(DATA RECORDS)

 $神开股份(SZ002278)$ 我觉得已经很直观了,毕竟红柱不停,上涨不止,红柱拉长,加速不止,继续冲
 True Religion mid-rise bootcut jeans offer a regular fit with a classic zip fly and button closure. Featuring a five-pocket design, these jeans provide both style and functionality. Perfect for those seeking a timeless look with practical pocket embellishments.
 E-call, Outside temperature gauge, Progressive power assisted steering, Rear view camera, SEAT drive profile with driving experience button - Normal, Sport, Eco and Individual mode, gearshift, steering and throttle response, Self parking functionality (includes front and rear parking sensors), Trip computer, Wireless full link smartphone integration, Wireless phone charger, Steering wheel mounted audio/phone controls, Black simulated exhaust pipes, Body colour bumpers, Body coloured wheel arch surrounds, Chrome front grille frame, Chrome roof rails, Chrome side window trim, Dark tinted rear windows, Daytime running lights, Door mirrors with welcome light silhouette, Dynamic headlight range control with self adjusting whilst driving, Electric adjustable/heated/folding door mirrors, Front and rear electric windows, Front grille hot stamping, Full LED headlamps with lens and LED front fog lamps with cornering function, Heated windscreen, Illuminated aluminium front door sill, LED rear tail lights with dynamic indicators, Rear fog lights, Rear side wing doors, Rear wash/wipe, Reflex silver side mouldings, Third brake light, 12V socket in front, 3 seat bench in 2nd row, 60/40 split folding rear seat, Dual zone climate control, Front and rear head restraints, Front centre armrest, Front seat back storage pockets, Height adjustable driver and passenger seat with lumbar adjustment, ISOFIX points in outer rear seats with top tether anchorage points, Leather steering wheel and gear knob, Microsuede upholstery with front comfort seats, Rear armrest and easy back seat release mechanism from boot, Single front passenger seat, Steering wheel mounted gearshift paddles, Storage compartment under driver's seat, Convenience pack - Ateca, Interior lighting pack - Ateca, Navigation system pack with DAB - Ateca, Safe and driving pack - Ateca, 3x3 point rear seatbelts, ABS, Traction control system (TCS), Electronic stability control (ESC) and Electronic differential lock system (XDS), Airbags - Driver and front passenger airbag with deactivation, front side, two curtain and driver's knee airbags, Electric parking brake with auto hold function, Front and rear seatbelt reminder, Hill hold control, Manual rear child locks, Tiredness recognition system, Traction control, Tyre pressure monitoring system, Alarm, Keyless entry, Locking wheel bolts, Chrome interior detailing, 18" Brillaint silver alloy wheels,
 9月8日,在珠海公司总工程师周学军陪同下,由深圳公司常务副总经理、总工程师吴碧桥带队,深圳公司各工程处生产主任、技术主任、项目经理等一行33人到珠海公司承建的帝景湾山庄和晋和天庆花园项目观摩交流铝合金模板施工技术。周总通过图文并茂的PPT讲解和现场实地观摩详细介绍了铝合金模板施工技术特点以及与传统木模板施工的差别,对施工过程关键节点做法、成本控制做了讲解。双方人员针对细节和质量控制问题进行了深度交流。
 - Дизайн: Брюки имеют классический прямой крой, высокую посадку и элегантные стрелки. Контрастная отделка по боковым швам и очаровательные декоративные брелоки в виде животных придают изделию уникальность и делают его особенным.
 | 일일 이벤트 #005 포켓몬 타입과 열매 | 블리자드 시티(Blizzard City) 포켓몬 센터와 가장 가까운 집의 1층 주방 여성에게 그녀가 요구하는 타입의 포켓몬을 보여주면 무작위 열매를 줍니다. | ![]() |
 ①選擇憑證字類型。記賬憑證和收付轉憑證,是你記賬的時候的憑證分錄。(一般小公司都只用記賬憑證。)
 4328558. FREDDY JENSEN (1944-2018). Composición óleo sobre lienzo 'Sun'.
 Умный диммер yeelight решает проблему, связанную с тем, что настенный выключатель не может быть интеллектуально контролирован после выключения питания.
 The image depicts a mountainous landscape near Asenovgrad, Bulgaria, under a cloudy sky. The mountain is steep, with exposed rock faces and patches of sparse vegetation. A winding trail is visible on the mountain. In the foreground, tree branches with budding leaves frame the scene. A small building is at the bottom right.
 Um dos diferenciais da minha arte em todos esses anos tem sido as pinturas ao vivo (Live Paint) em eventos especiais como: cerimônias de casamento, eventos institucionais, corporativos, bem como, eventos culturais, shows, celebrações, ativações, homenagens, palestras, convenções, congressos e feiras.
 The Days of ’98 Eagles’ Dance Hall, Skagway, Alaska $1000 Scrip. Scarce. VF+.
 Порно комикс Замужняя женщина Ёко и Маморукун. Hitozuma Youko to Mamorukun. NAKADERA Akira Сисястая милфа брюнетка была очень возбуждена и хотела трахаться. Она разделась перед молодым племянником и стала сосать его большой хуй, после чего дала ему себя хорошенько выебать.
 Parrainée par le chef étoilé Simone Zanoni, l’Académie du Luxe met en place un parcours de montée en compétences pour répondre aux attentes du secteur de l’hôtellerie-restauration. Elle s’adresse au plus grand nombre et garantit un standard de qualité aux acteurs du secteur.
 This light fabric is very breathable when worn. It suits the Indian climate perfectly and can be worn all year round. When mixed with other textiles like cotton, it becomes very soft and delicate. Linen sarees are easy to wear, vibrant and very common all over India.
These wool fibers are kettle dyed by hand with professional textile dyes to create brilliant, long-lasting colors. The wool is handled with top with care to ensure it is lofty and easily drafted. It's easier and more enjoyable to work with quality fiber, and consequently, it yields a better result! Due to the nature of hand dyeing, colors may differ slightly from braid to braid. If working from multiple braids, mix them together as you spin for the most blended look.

(End DATA RECORDS)

Reprint exactly the lines above that start at the one with "4328558. FREDDY JENSEN" and end at the one with "Умный диммер yeelight", keeping both and adding none.

 4328558. FREDDY JENSEN (1944-2018). Composición óleo sobre lienzo 'Sun'.
 Умный диммер yeelight решает проблему, связанную с тем, что настенный выключатель не может быть интеллектуально контролирован после выключения питания.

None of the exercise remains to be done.